Способы питья спиртных напитков оказываются чрезвы­чайно устойчивыми и могут сохраняться даже в тех слу­чаях, когда народ в силу изменившихся природно-хозяйственных условий переходит к другому напитку. Инте­ресно в этом отношении исследование Л.П.Потапова, который показал, что один и тот же способ питья, отражающий древнюю практику уравнительного распреде­ления спиртного, бытовал при дворе узбекского хана в XVII в. и у узбеков и южных алтайцев в начале XX в., хотя в первом случае пили кумыс, во втором — бузу из проса, а в третьем — араку (молочную водку).[1]

Обычай пить «за здоровье» на Руси отмечен уже «Повестью временных лет». Княгиня Ольга, желая отом­стить древлянам за смерть мужа, устроила тризну на его могиле.  «Посем седоша древляне пити, и повеле Ольга отроком своим служити пред ними. И яко упишася деревляне, повеле отроком своим пити на ня. а сама отъиде кроме, и повеле дружине своей сечи деревляны».[2] Выра­жение «пити на ня» переводят как «пить за их честь», но, учитывая контекст, можно думать, что оно здесь связано и с погребальной обрядностью и значит в переносном смысле также «пить за смерть или на смерть» древлян.[3] С.М.Соловьев не исключал даже, что в Древней Руси существовал «обычай пить в погибель кому-нибудь, как пить за здравие».[4]

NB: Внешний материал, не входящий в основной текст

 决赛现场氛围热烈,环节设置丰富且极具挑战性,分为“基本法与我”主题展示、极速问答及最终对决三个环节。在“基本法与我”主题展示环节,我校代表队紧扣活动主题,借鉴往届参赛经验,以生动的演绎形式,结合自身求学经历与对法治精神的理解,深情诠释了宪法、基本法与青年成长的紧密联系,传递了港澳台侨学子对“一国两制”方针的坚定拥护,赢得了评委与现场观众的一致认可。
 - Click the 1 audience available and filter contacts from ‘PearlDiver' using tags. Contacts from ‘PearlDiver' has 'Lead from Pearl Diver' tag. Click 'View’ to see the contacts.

Древнерусское выражение «пити (на кого)», по-види­мому, описывало такую процедуру, когда один человек отпивал из чаши и передавал ее другому (ср. белорус­ское присловье: «Пью на цябэ повным кубком, добрым здаровьем, што мыслю сабе, то и табэ»).[5] «Повесть временных лет» сохранила рассказ о том, как был отравлен князь Ростислав: «Единою же пьющю Ростиславу с дру­жиною своею, рече котопан: „Княже! Хочю на тя пити".  Оному же рекшю: „Пий".  Он же испив половину, а половину дасть князю пити, дотиснувся палцем в чашю, бе бо имея под ногтем растворенье смертное, и вдасть князю, урек смерть до дне семаго».[6]

У многих народов полагалось, чтобы хозяин первым попробовал пишу и питье, приготовленные для гостей: этим показывали, что угощение не отравлено и с ним не насылается порча. Отсюда — сохранившийся доныне обычай, чтобы тот, кто разливает вино, сначала отлил немного в свою рюмку. По сведениям с Украины, если бы хозяин предложил гостю выпить первую чарку, то рис­ковал бы услышать в ответ: «Може ти якоi отрути при­готовив, шо не хочеш попробувать».[7]

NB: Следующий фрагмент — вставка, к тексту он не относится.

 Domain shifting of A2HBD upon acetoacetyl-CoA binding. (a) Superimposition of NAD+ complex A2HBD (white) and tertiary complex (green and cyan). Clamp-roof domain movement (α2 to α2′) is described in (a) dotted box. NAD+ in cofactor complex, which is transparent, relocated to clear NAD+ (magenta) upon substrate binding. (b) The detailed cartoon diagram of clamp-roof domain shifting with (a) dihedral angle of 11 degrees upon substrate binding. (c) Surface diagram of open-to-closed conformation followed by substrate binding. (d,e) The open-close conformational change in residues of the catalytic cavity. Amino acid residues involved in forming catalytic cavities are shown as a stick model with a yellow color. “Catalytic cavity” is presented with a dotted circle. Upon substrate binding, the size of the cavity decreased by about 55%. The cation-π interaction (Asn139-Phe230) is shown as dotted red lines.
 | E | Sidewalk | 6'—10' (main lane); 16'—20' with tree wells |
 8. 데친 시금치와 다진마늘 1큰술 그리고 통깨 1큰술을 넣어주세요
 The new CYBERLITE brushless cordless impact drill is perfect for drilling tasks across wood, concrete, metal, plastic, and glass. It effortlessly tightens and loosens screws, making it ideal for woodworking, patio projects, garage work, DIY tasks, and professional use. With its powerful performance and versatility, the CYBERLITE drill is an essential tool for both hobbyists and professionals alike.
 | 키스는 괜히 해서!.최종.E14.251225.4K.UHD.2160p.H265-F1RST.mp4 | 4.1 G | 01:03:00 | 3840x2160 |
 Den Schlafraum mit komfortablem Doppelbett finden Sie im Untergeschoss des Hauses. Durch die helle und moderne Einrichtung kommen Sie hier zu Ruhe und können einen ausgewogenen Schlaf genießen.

По украинским поверьям, чтобы навести порчу на человека, нужно, выпив всю водку из стакана, в последний момент незаметно выпустить в него немного водки изо рта, потом снова долить стакан и передать другому человеку.[8] Если кто-нибудь поступал столь негигиенично, то он риско­вал подвергнуться обвинению в колдовстве. Известен и способ противостоять порче: для этого стоит только под дно чарки подставить мизинец, когда пьешь от «воро­га», и тогда вся сила чар пропадет.[9]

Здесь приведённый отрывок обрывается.